▶ [Directions] Each line below from the line with "ΑγροτικάΚοινωνικά Οι αγρότες" to the line with "Ein besonderes Format" must be copied exactly, including those two, and no picture may appear in the copy.

── Dataset records

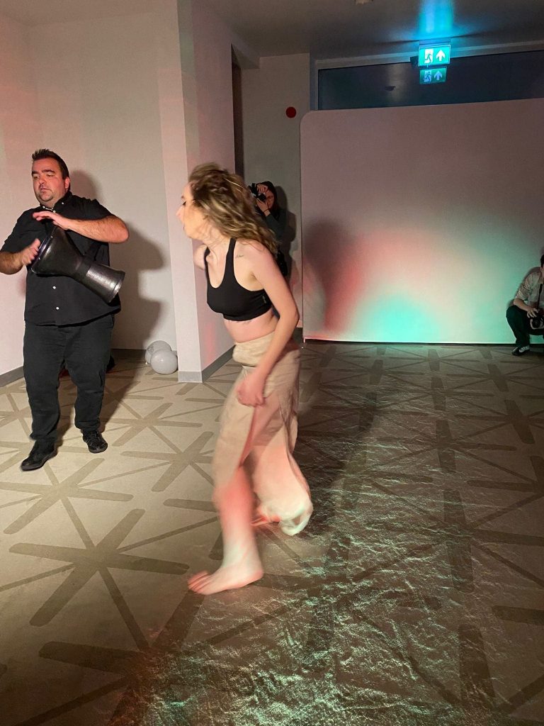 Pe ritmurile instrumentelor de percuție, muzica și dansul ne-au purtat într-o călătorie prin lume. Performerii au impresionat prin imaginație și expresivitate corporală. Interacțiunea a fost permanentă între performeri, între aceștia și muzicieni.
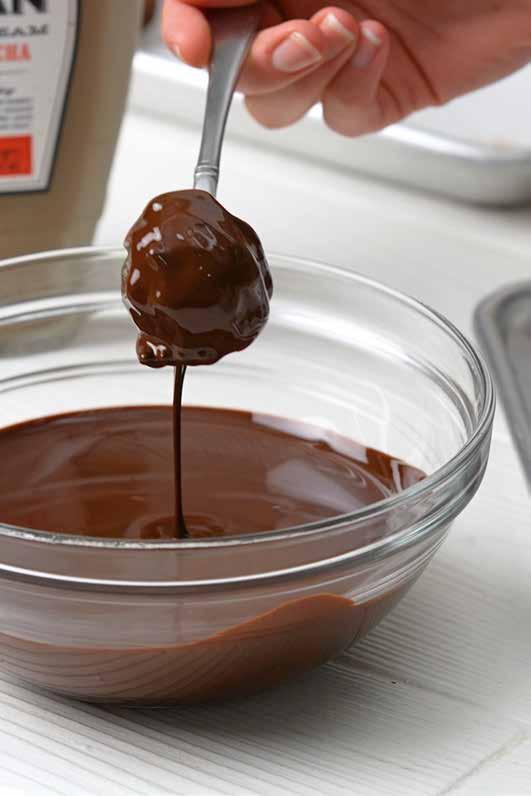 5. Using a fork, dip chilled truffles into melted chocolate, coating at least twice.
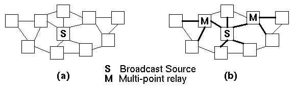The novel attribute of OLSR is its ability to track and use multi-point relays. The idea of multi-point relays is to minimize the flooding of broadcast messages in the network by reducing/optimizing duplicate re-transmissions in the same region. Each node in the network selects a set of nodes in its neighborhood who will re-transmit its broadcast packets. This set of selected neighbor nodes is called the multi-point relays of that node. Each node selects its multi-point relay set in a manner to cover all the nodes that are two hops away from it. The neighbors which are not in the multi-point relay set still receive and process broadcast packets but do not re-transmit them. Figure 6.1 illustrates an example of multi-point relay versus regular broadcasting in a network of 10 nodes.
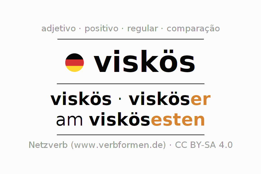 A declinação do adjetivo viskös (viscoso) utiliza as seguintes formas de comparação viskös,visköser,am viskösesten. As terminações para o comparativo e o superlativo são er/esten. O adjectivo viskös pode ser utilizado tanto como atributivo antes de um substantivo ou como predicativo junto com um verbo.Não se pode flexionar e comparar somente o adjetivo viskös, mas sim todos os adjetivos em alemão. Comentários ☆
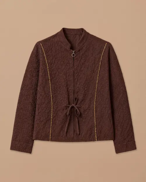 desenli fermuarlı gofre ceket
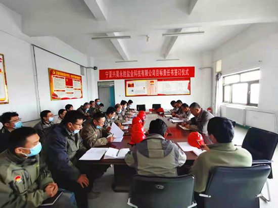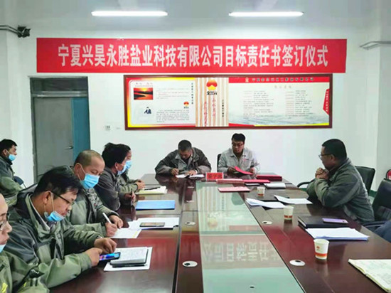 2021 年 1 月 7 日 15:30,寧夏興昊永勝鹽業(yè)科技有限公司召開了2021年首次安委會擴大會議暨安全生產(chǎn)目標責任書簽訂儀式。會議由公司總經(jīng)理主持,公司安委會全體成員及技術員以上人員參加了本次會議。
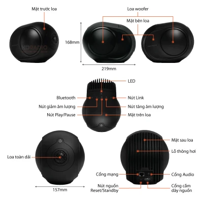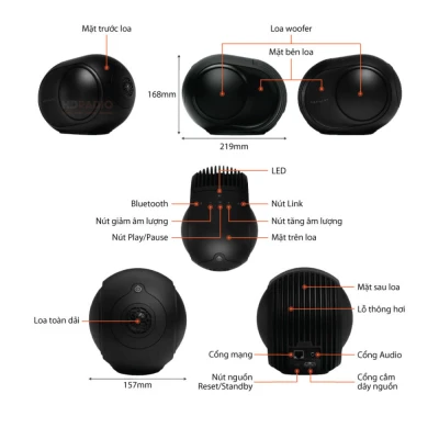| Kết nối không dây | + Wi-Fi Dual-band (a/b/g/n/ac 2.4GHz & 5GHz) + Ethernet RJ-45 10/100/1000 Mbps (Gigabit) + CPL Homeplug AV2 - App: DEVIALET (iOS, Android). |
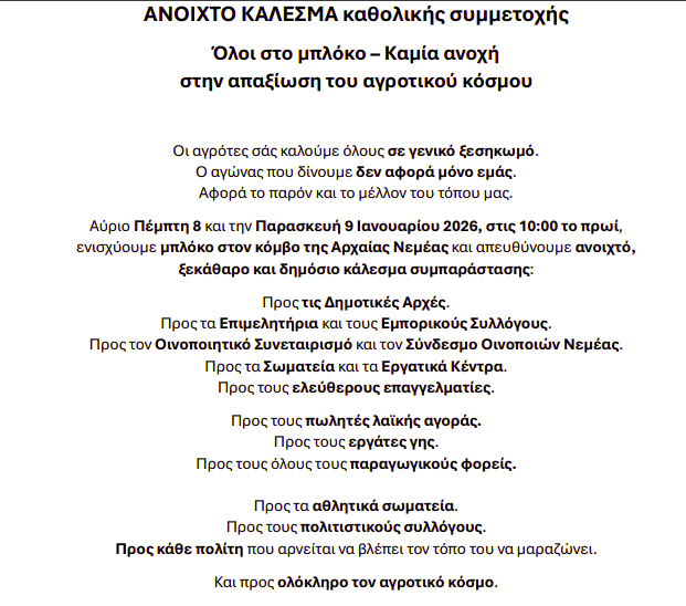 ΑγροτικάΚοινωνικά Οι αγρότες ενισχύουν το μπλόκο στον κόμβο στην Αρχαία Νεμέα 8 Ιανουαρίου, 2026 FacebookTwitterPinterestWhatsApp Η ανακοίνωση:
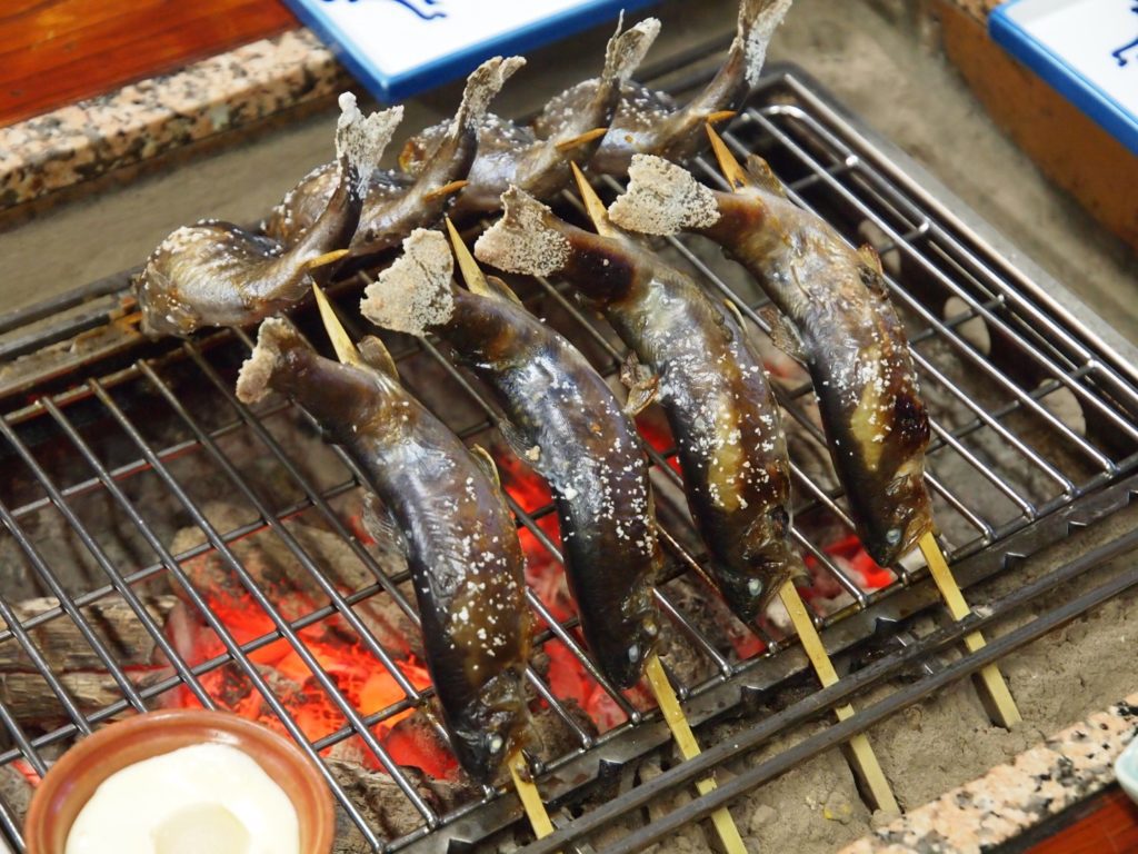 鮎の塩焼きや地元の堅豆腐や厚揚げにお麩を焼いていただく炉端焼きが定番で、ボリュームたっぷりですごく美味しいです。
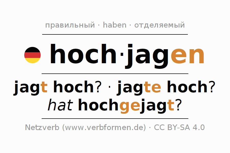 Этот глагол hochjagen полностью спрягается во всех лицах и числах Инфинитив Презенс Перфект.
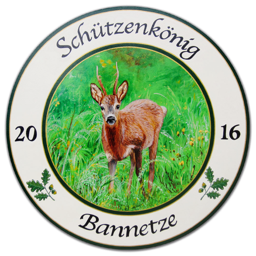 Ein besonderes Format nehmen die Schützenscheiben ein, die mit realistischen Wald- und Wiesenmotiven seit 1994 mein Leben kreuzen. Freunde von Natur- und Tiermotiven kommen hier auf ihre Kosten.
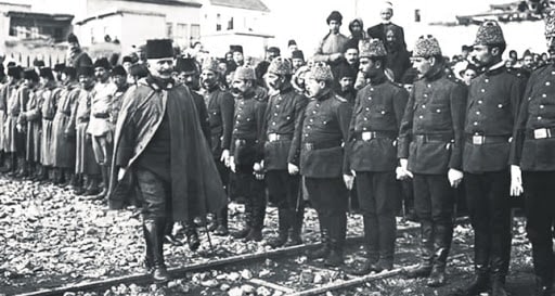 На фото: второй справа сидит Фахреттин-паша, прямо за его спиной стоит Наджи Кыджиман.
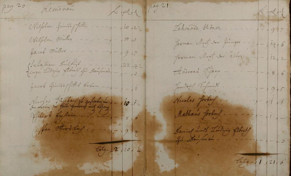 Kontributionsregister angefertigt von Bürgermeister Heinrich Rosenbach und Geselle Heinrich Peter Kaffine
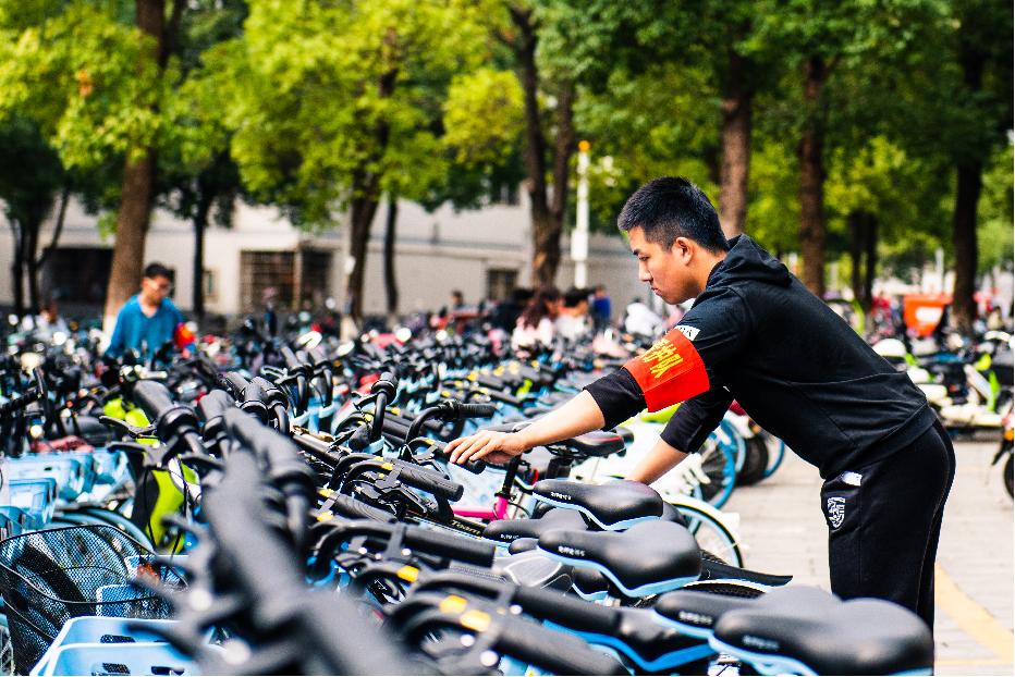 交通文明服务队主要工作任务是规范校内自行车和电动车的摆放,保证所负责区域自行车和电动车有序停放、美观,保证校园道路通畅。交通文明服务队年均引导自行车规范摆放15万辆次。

────

▶ [Answer section]
 ΑγροτικάΚοινωνικά Οι αγρότες ενισχύουν το μπλόκο στον κόμβο στην Αρχαία Νεμέα 8 Ιανουαρίου, 2026 FacebookTwitterPinterestWhatsApp Η ανακοίνωση:
 鮎の塩焼きや地元の堅豆腐や厚揚げにお麩を焼いていただく炉端焼きが定番で、ボリュームたっぷりですごく美味しいです。
 Этот глагол hochjagen полностью спрягается во всех лицах и числах Инфинитив Презенс Перфект.
 Ein besonderes Format nehmen die Schützenscheiben ein, die mit realistischen Wald- und Wiesenmotiven seit 1994 mein Leben kreuzen. Freunde von Natur- und Tiermotiven kommen hier auf ihre Kosten.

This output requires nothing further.